DANK AN LINDA, LENA, REBECCA UND VIELE ANDERE
Letzter Heimspieltag ist beim VC Osnabrück immer ein besonderer Abend mit Dankesreden und viel Applaus. Das Osnabrücker Kinderhospiz bekam einen Scheck in Höhe von 2800 Euro überreicht, die durch Zuschauerspenden beim Spiel gegen Bonn zusammengekommen waren – verdoppelt vom VCO-Hauptsponsor Volksbank. Einen riesigen Sonderapplaus erhielten zudem die verdienstvollen Leistungsträgerinnen der vergangenen zehn Jahre Linda Dieckmann, Lena Thiel und Rebecca Land, die ab Sommer nicht mehr zum Team der 1. Damen gehören werden.
Ebenfalls mit großen Ovationen bedacht wurden die vielen ehrenamtlichen Helfer, ohne die die gesamte Zweitligasaison nicht zu schultern gewesen wäre, allen voran Jonas Pottebaum, Ben Kemper (Spieltagsorganisation), Nils Kuhlmann (Licht, Technik und Livestream), Dennis Kurth (Hallensprecher) sowie Peter Vorberg (Medienarbeit) und Martin König (Fotos). Im großen Rahmen geehrt wurde ferner die weibliche U16 für Platz drei bei der Nordwestdeutschen Meisterschaft.
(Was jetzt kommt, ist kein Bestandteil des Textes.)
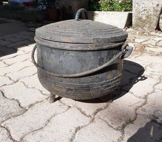 VDS CHAUDRON Ancien en Fonte Hauteur sans couvercle 29cm. Avec couvercle 40cm Diamètre 36cm A une anse pour pendaison sur une crémaillère. Il à 3 petits pieds Inscription 40 sur le
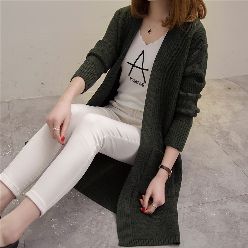 女裝寬松韓版休閑中長款毛衣開衫女針織衫春裝外套女裝新款潮
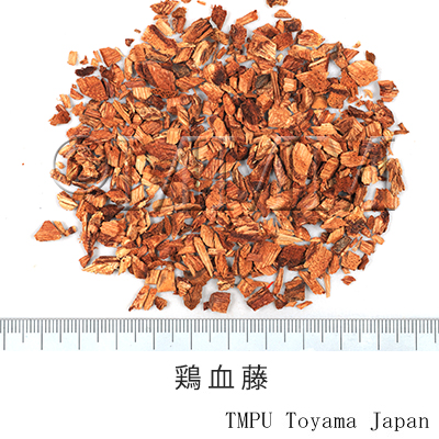 | 備考 | 広東,広西の一部の地区では,マメ科の Millettia nitida Benth. の茎を鶏血藤,血節藤,血藤,血筋藤などと称する.また江西省の豊城,雲南省鳳慶,四川省などに産する鶏血藤は Millettia dielsiana Harms の茎であり,豊城鶏血藤(江西),貫腸血藤(四川)とも称する.その他鶏血藤と称する商品は非常に種類が多い. 江西,陜西,河北,山東,山西,内蒙古,東北諸省などでは 血藤科/Sargentodoxaceae の Sargentodoxa cuneata (Oliv.) Rehd. et Wils. (= Holboellia cuneata Oliv.) 大血藤の茎を「鶏血藤」として用いる場合があるが,このものは元来大血藤,紅藤,活血藤,大活血,花血藤,血藤,血木通などと称するもので,混用すべきものではない. | |||||
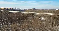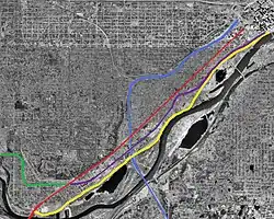 Every route requires crossing the Mississippi River from Saint Paul to Fort Snelling. The current Fort Road Bridge was built in 1960 by the Minnesota Department of Transportation and was designed by Sverdrup & Parcel Engineering Company. It is the third bridge on the site, the first bridge, a deck girder bridge was built in 1880. The second bridge, a metal arch bridge was built by 1912. While almost all of the proposed routes would use the Fort Road Bridge, one suggested using a rail spur north and using the Ford Parkway Bridge upstream. Both routes would have had potential problems with the adaptation of the current bridge. When using the Fort Road Bridge, it was unknown if it could handle light rail or if a tunnel on the Fort Snelling side of the bridge could be widened. If the Ford Parkway bridge was used there were additional concern with the alignment of the route to the bridge.[15] The second bridge at the Fort Road site and the Ford Parkway Bridge had held streetcar traffic.[16]
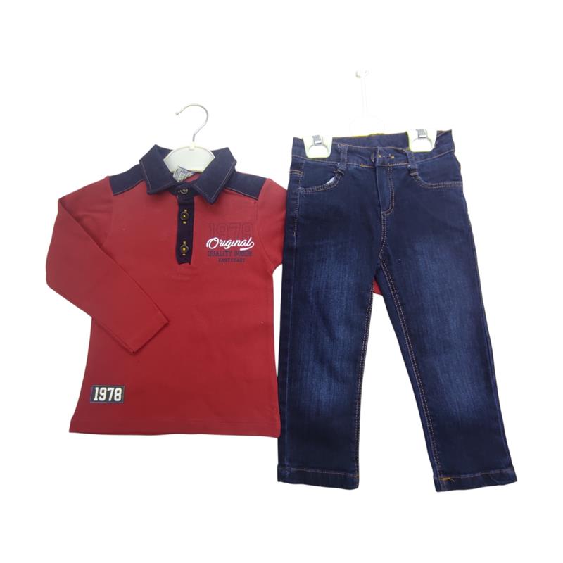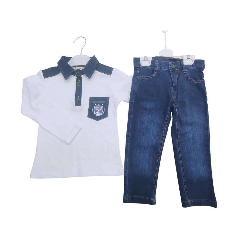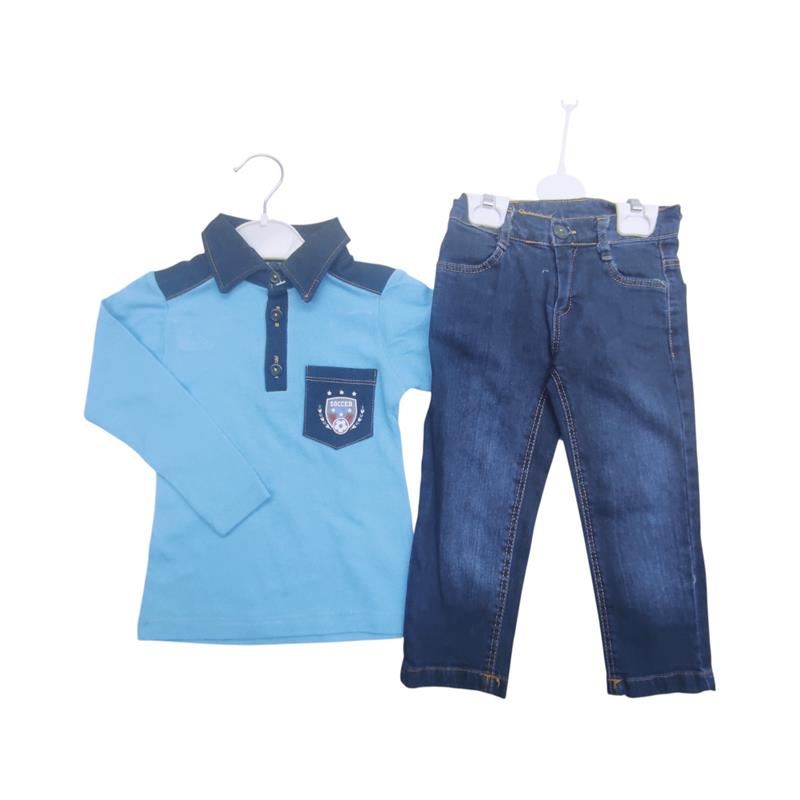 2773 toptan 2/5 yaşındaki erkek çocuklar için çocuk ilkbahar ve sonbahar kot pantolonlu polo yakalı tişörtler
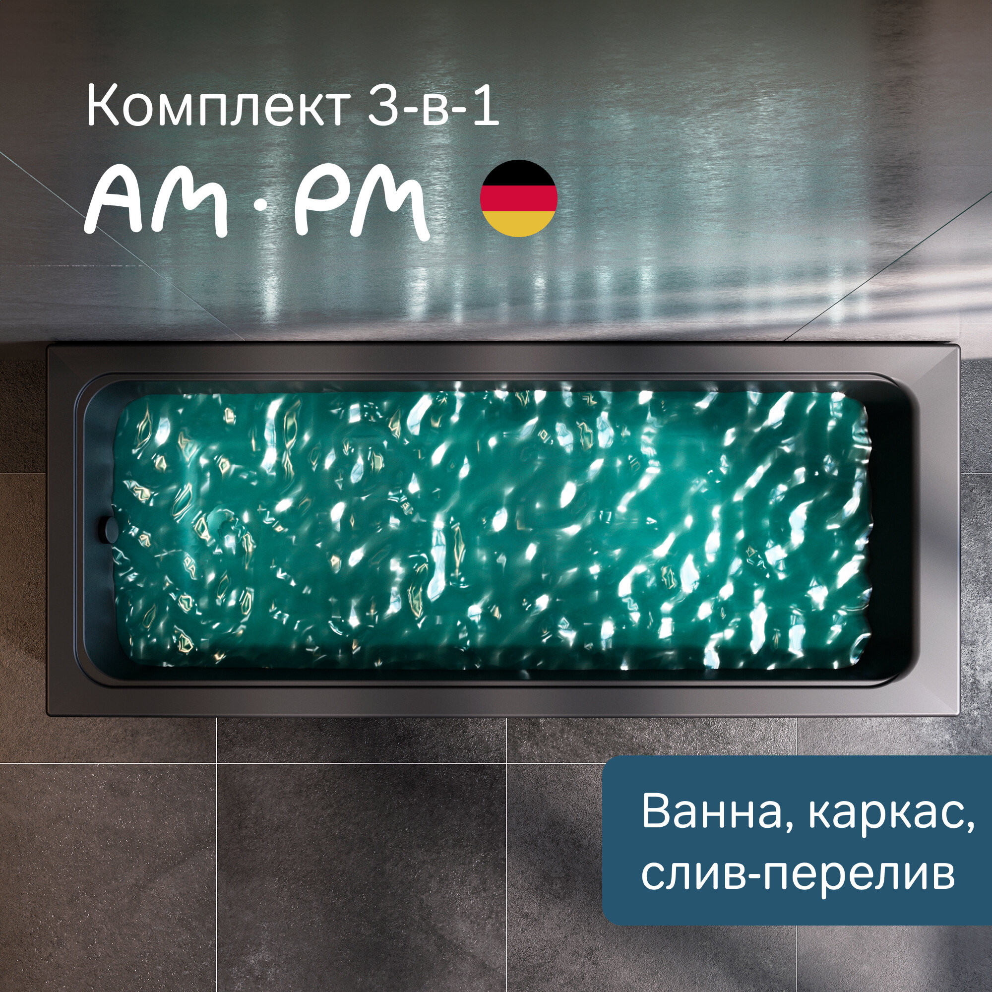 СохранитьВанна акриловая AM.PM Gem 170x70 комплект 3 в 1: черная ванна, каркас, слив-перелив, литьевой акрил, вакуумная формовка, усиленный корпус, интересное:

LETZTES SPIEL IN DÜSSELDORF WIRD ZUM ENDSPIEL
Am heutigen Sonntag blicken beim VCO zunächst erstmal alle auf die Partie Schwerin II gegen Düsseldorf, deren Ergebnis die Ausgangslage für den letzten Spieltag bestimmt. Am Samstag, 25. April reist das VCO-Team dann zum finalen Spiel nach Düsseldorf, wo es um 19 Uhr ein richtiges Endspiel um den Klassenerhalt geben wird – vorbehaltlich aller Entscheidungen der VBL nach Saisonende.